Resolving Property Disputes – the State of Play?

In our previous article, we provided details about the process for appointing a Statutory Trustee in Queensland and outlined the benefits, as well as the key actions they perform in undertaking their duties. In this article we explore how the various States deal with resolving property disputes.

To recap, a Statutory Trustee is a person or persons appointed by the Court for the purpose of facilitating the sale of real property where there is a dispute between one or more of the co-owners, to aid in the fair and equitable distribution of proceeds to stakeholders.

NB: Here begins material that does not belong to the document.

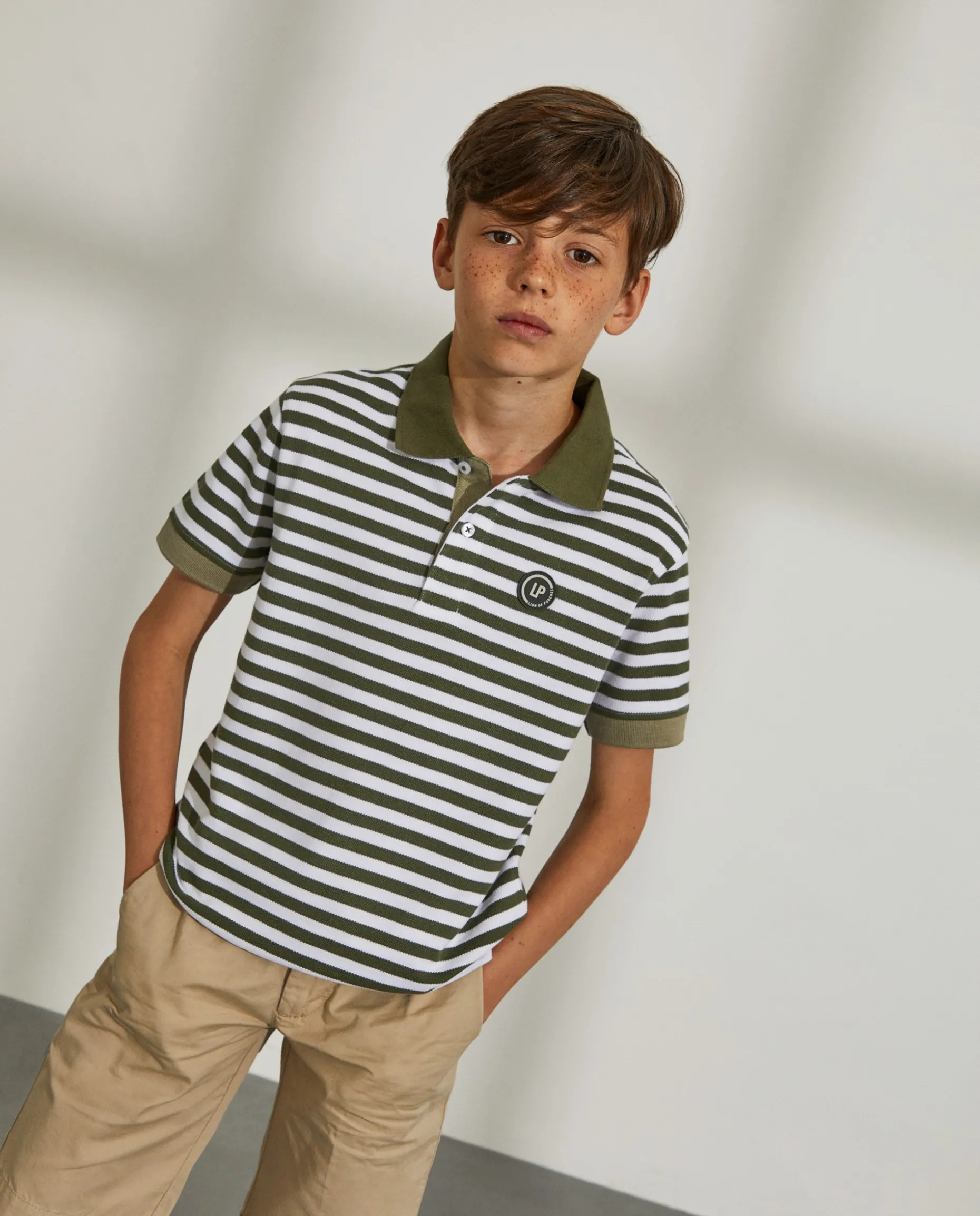 Pólo manga curta riscador. Tapa costuras, interior das rachas e interior da carcela em contraste. Etiqueta de borracha redonda personalizada no peito. Gola e punhos em contraste.

In general, an order will be made “of right”, unless it would be “inequitable” to do so. For example, if it is inconsistent with a proprietary right, or a contractual or fiduciary obligation. Mere hardship or unfairness, in the sense of a disadvantage to another owner, may be an insufficient basis of refusing an application for the appointment of a Statutory Trustee.

State of Origin

Whilst there are mechanisms in each State for addressing property disputes, there are only two states in Australia that currently provide for the direct appointment of an independent Statutory Trustee, pursuant to the following legislation:

  • Queensland - Section 38 of the Property Law Act 1974 (QLD)

  • New South Wales – Section 66G of the Conveyancing Act 1919 (NSW)

In both QLD and NSW, once the Court orders are made, ownership of the subject property immediately vests with the Trustee(s) who are appointed by the Court for the purpose of selling the property. One might say it’s the only thing QLD and NSW can agree on!

Once the property is sold, the sale proceeds are generally distributed between the owners, after payment of the mortgages (if applicable), trustee’s fees and costs, real estate agent fees, and legal fees relating to the conveyance of the property (which is different to a normal conveyance). In the alternative proceeds may be held on Trust or otherwise paid into Court pending resolution of other matters that may be set out in the original orders.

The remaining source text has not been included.